Brown’s use of Singer’s claim, while seemingly plain as daylight, hides a bit of significant reality behind its Kantian moralism. This bit of reality, for those of us who have sensed it but never quite believed in our ability to locate it, provides a peculiar but real satisfaction. Consider, please, the following story form the on-line edition of a Pakistani paper, The News, issued on July 8, 2002:
Dehrawad, Afghanistan: The victims of a US air-raid that killed 48 guests and wounded 118 at a wedding party in Afghanistan were paid a total of US$18,500 in compensation [by the US], an official here said…District commissioner Abdur Rahim said he paid out to relatives eight million Afghanis (US$200) on behalf of each individual killed and three million (US$75) for each wounded person.
At 40,000 Afghanis2 to a dollar, this amounts to 66 billion Afghanis per victim of the WTC attack. Or, if we prefer the conversion into what is known as ‘hard currency’: $1,650,000 dollars for each victim of WTC versus $112 for each victim of the wedding bombing.

Perhaps ratios rather than raw numbers are more illuminating: dividing 1.65 million by 112 we arrive at 14,732. The last is the number by which we have to multiply the value/price of an Afghan victim in Afghanistan to arrive at the value/price of a victim of the WTC. Rounding down instead of up—although we should round up since the $1.65 million is only the federal allotment to the victims of WTC—we can arrive at the following proposition: the worth of a WTC victim is 14,000 times greater than that of an Afghan. Fourteen-thousand.
First a few details before we get down to what this means, if it means anything:

1. The ratio of 14,000 to 1 is more likely to be doubled, given that charitable and private contributions were also in the billions of dollars.
2. Strictly speaking not every victim of the WTC was a US citizen; therefore, we cannot claim that the worth of US citizen is 14 to 28 thousand times greater than that of an Afghan, not without more precision and many more calculations.
3. Still, these numbers, if not exact, give us an impressionistic sense of how these monetary calculations indicate relative value and price.

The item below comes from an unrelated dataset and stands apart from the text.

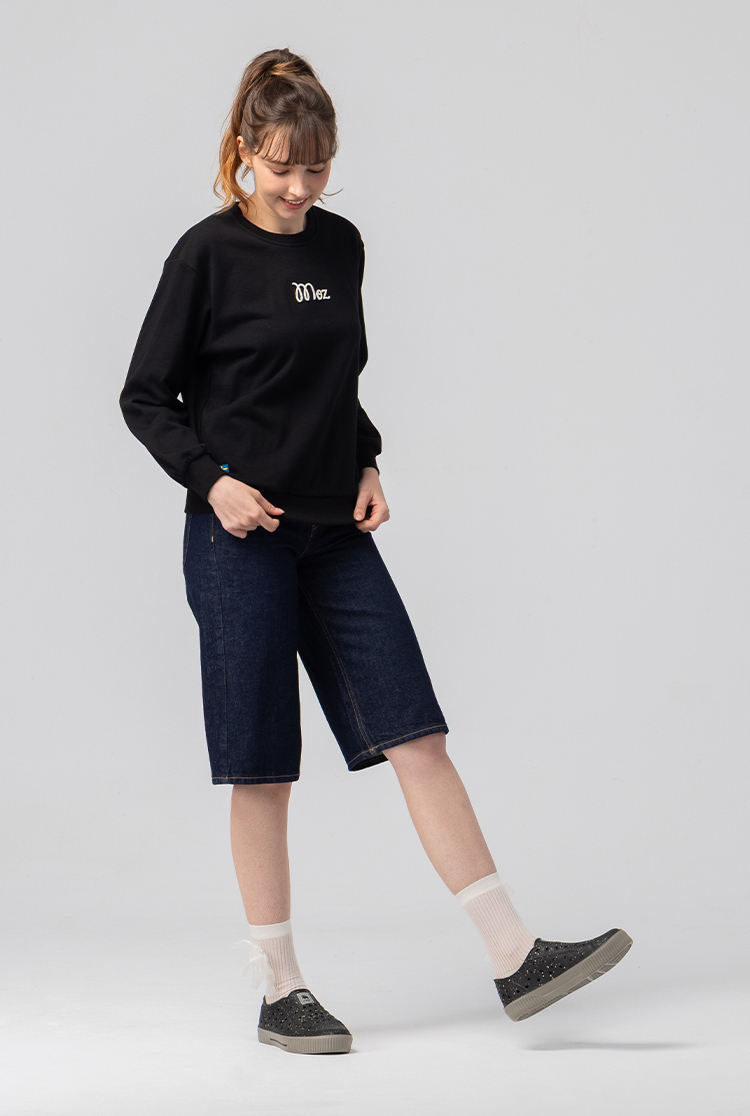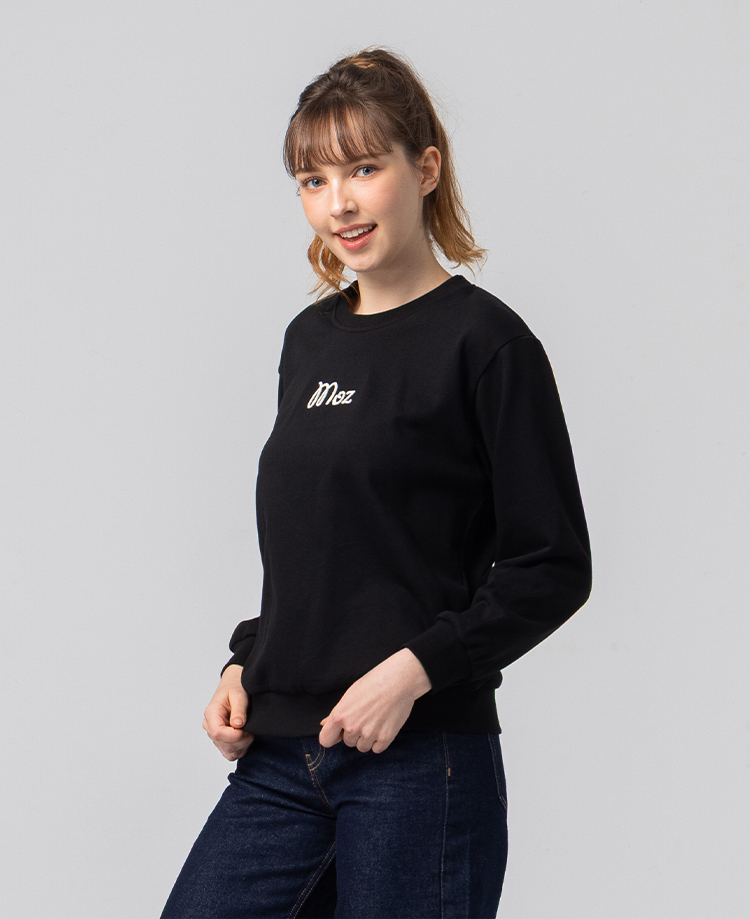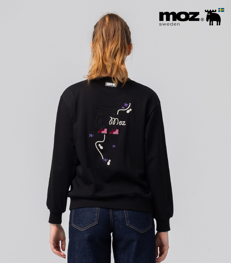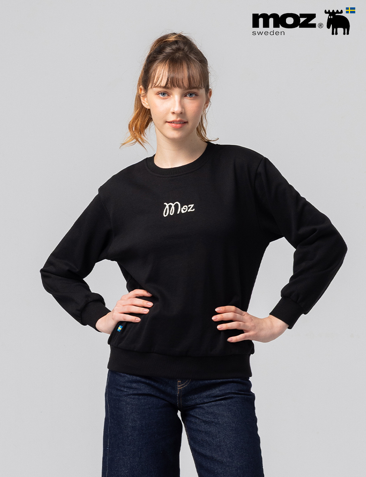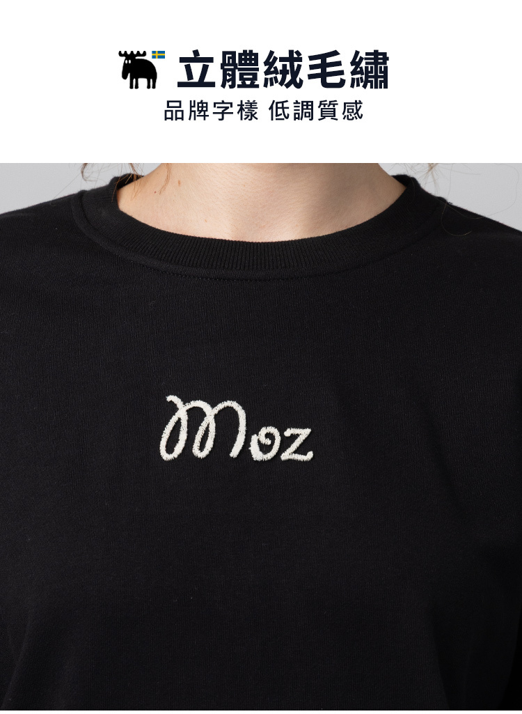 絨毛繡 駝鹿足跡 100%純棉 大學T-經典黑(亞洲版) 女款
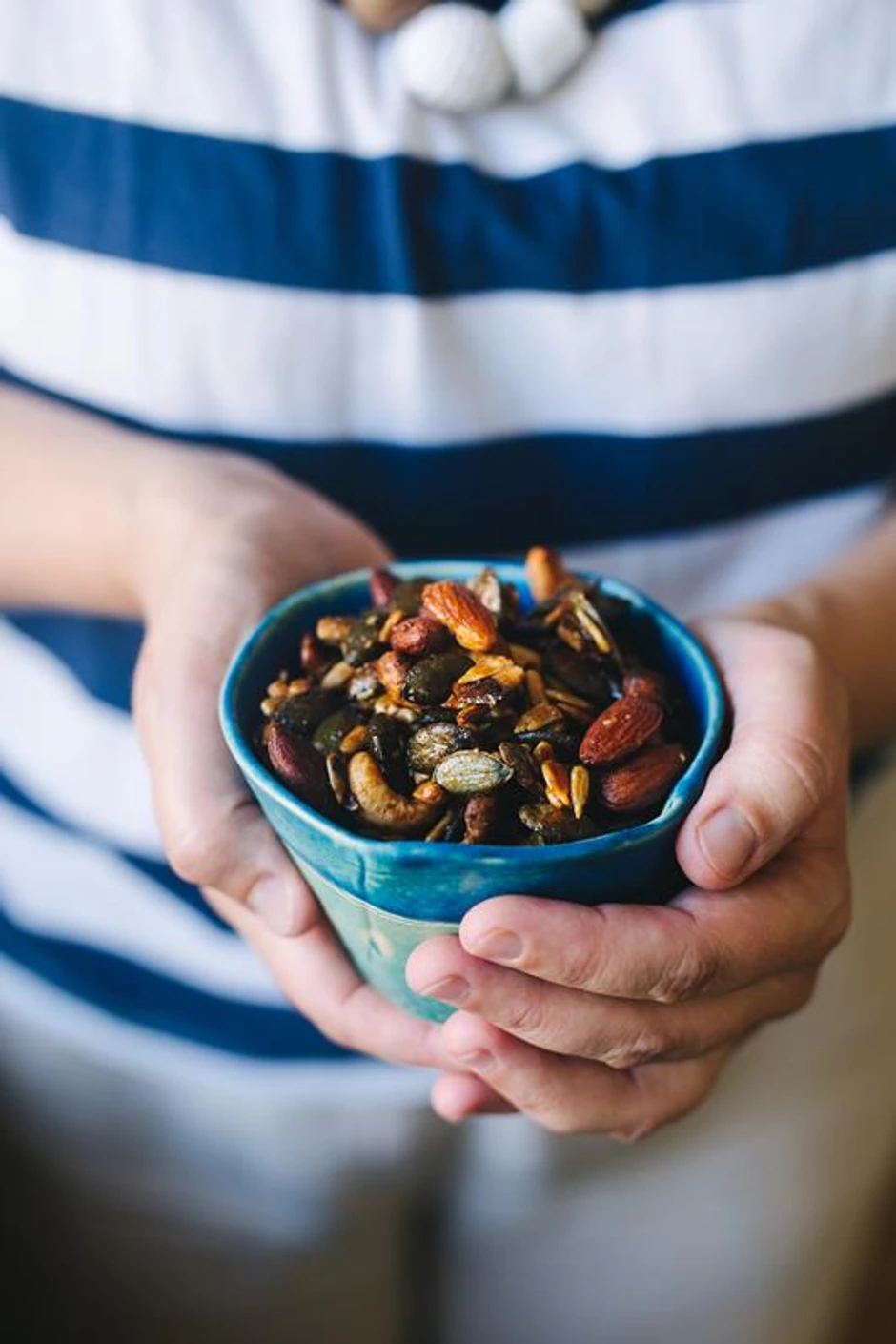 Sastojci: 1 šolja sirovih badema, 1 šolja sirovog indijskog oraha, 1/2 šolja golice, 1/4 šolje semenki suncokreta, ⅓ šolje meda, 2 kašike maslinovog ulja, 1 kašika suvog ili svežeg ruzmarina, 1/2 kašičice ljute dimljene paprike, 1/2 kašičice mlevene paprike, 1/2 kašičice belog luka u prahu, 1 kašičica soli

Then again perhaps these numbers and ratios mean nothing. I embrace this conclusion since I am moved by Karl Polanyi’s claim that we cannot commodify humans without violating them. Nevertheless, let’s play this out on the terms of the dominant political economy and see what happens. First, 14 thousand seems arbitrary and nonsensical since the issue seems qualitative, not quantitative. If we listen to our heart of hearts we sense that the exact numbers don’t really matter. Indeed, it is precisely the deep qualitative discrepancy in relative human value that allows a cataclysmic uproar for those killed on 9/11. This event, if seen say from the point of view of a typical Guatemalan, a Vietnamese, an Iraqi, or the average inhabitant of this planet, remains a relatively minor tragedy.3 Meanwhile, the same discrepancy in value anesthetizes our outrage and short circuits our empathy, binding us to the cold mathematics that make the wedding bombings as well as near genocides visited upon others elsewhere a mundane feature of doing ‘business as usual’ in the modern world.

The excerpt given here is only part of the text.